As industrywide interest jumped, some big names were breaking ground themselves. OrbiMed Advisors, assembled the biggest position in Acutus Medical, Inc. (NASDAQ:AFIB). OrbiMed Advisors had $163.2 million invested in the company at the end of the quarter. James E. Flynn’s Deerfield Management also made a $129.4 million investment in the stock during the quarter. The other funds with new positions in the stock are James A. Silverman’s Opaleye Management, Efrem Kamen’s Pura Vida Investments, and Jerome Pfund and Michael Sjostrom’s Sectoral Asset Management.
Let’s go over hedge fund activity in other stocks similar to Acutus Medical, Inc. (NASDAQ:AFIB). We will take a look at QAD Inc. (NASDAQ:QADA), OceanFirst Financial Corp. (NASDAQ:OCFC), Johnson Outdoors Inc. (NASDAQ:JOUT), Granite Construction Incorporated (NYSE:GVA), Archrock, Inc. (NYSE:AROC), Delek US Holdings, Inc. (NYSE:DK), and Mobileiron Inc (NASDAQ:MOBL). This group of stocks’ market caps resemble AFIB’s market cap.
|Ticker||No of HFs with positions||Total Value of HF Positions (x1000)||Change in HF Position|
View table here if you experience formatting issues.

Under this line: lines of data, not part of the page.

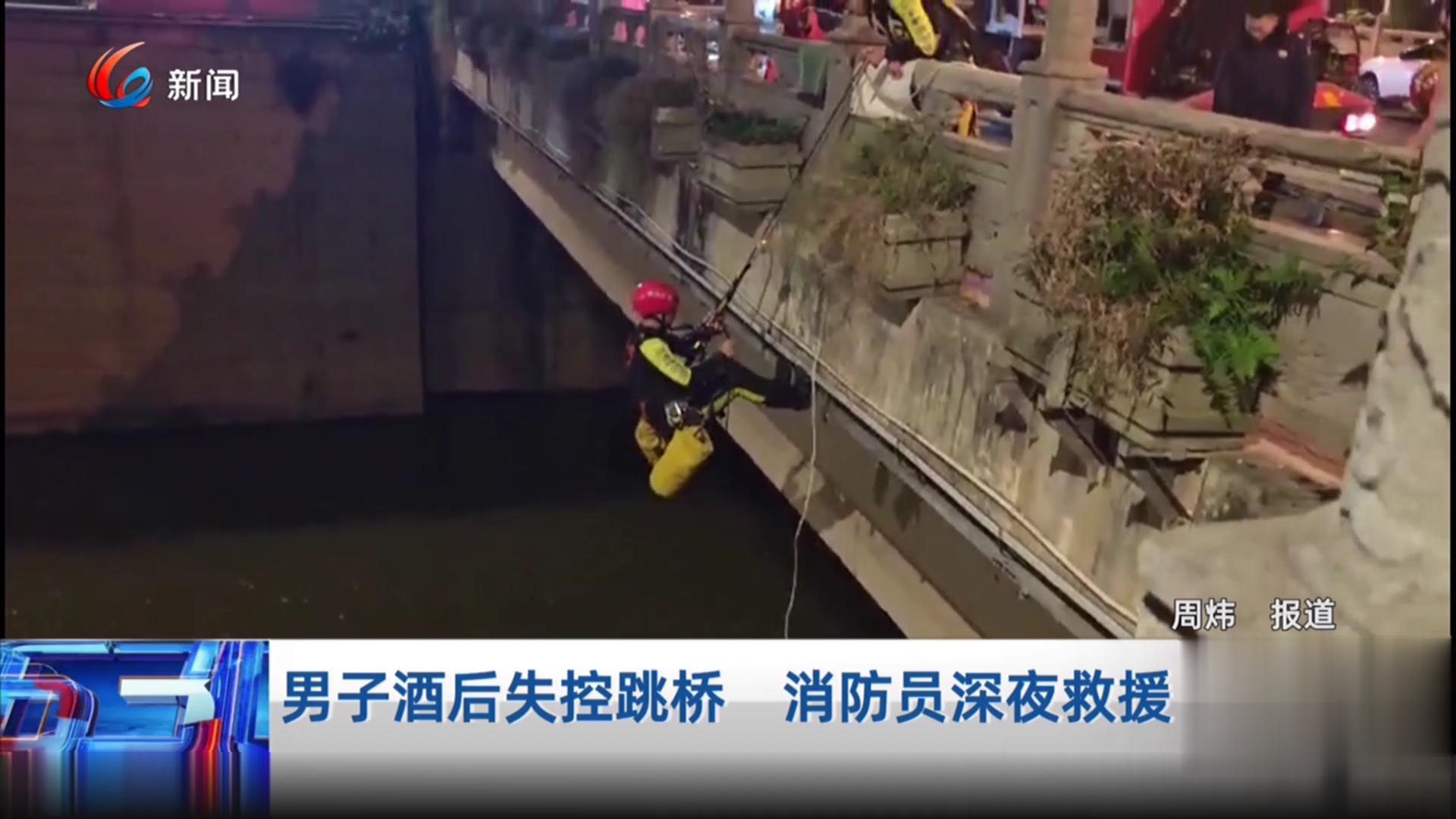 男子酒后失控跳桥 消防员深夜救援
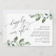 Lindo Design Moderno Romântico, em tema de aquarela de folhas de eucalipto, Anúncio de Casamento Fuga, Cartão de Convite (Felizes para Sempre). Isto é perfeito para a recepção do seu casamento e festa de celebração pós-casamento. Adicione os detalhes da celebração do brunch / jantar de fuga.
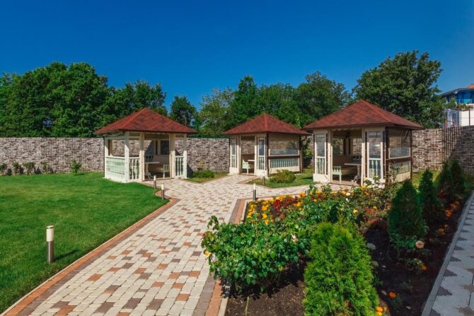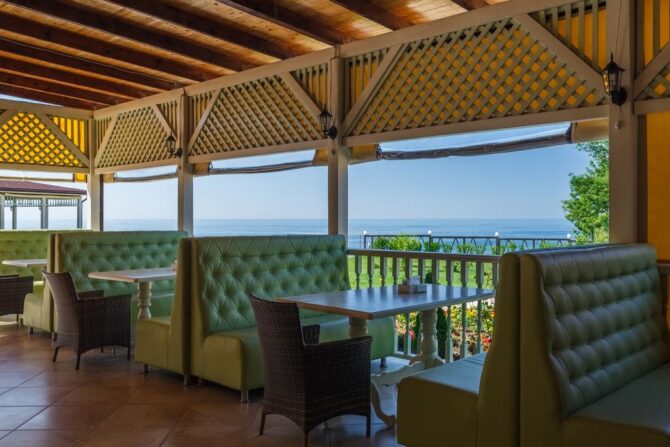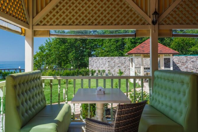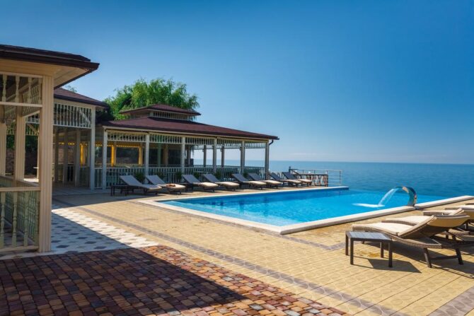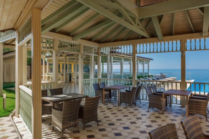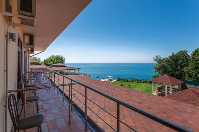 A small two-storey modern building of the complex was built in the style of a country villa. The building was erected on a small hill, so it offers a magnificent view of the Black Sea Riviera.
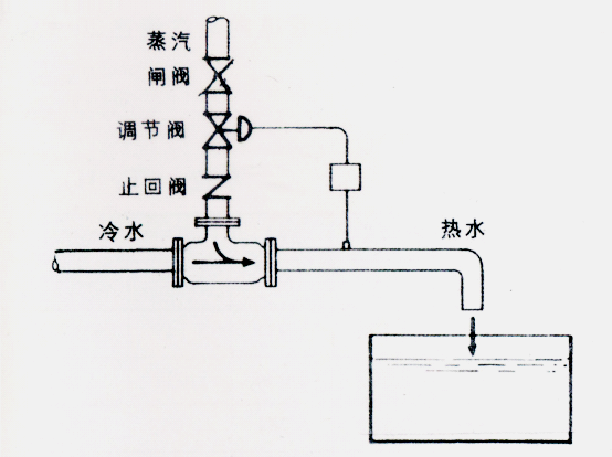 汽水混合器主要由噴管、殼體、網(wǎng)板等部分組成。被加熱水通過(guò)呈拉伐爾狀的噴管時(shí),蒸氣從汽水混合器噴管外側通過(guò)管壁上許多斜向小噴頭噴入水中,兩者在高速流動(dòng)中瞬間良好混合,以達到加熱的目的。調節蒸氣側閥門(mén),就可得到所需溫度的熱水。
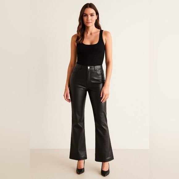 Chic and sleek Wilfred faux leather pants in classic black. High-waisted flare style that flatters every silhouette. Soft lining for comfort and effortless movement.
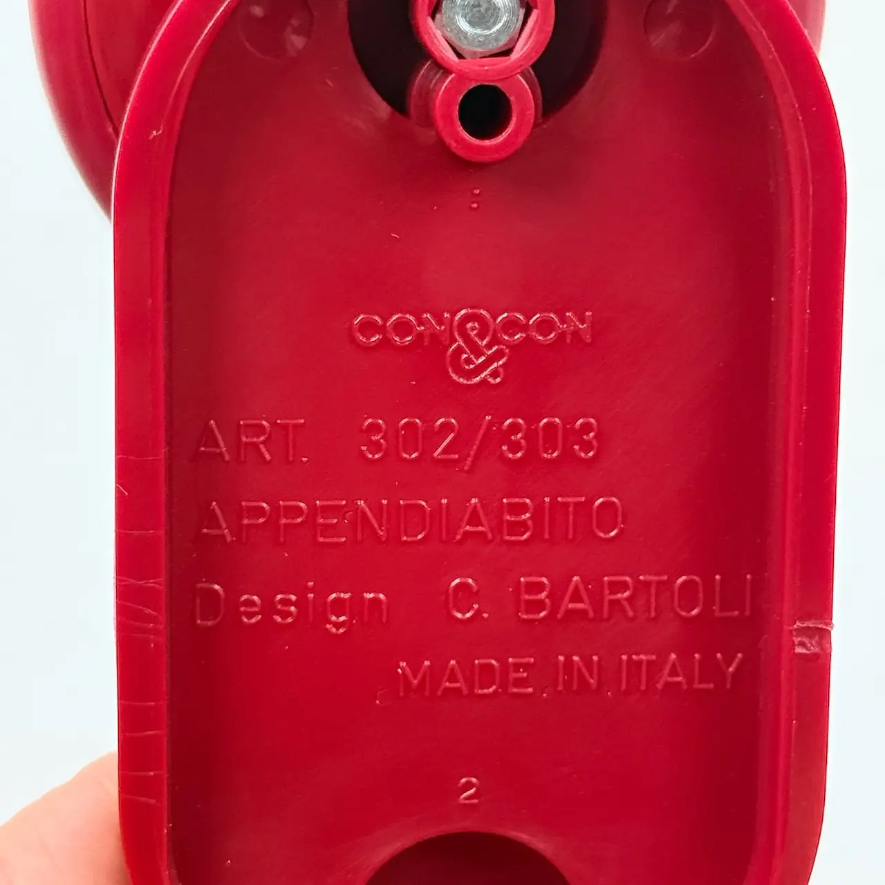 This set of Carlo Bartoli wall hooks is preserved as new old stock, never used, and comes complete with its original mounting screws — a rare detail that enhances both its authenticity and collectability.

As you can see these stocks had an average of 15.1 hedge funds with bullish positions and the average amount invested in these stocks was $99 million. That figure was $366 million in AFIB’s case. Mobileiron Inc (NASDAQ:MOBL) is the most popular stock in this table. On the other hand Archrock, Inc. (NYSE:AROC) is the least popular one with only 10 bullish hedge fund positions. Acutus Medical, Inc. (NASDAQ:AFIB) is not the most popular stock in this group but hedge fund interest is still above average. Our overall hedge fund sentiment score for AFIB is 42. Stocks with higher number of hedge fund positions relative to other stocks as well as relative to their historical range receive a higher sentiment score. This is a slightly positive signal but we’d rather spend our time researching stocks that hedge funds are piling on. Our calculations showed that top 20 most popular stocks among hedge funds returned 41.3% in 2019 and outperformed the S&P 500 ETF (SPY) by 10 percentage points. These stocks gained 30.7% in 2020 through December 14th and beat the market again by 15.8 percentage points. Unfortunately AFIB wasn’t nearly as popular as these 20 stocks and hedge funds that were betting on AFIB were disappointed as the stock returned -1.1% since the end of September (through 12/14) and underperformed the market. If you are interested in investing in large cap stocks with huge upside potential, you should check out the top 20 most popular stocks among hedge funds as many of these stocks already outperformed the market so far this year.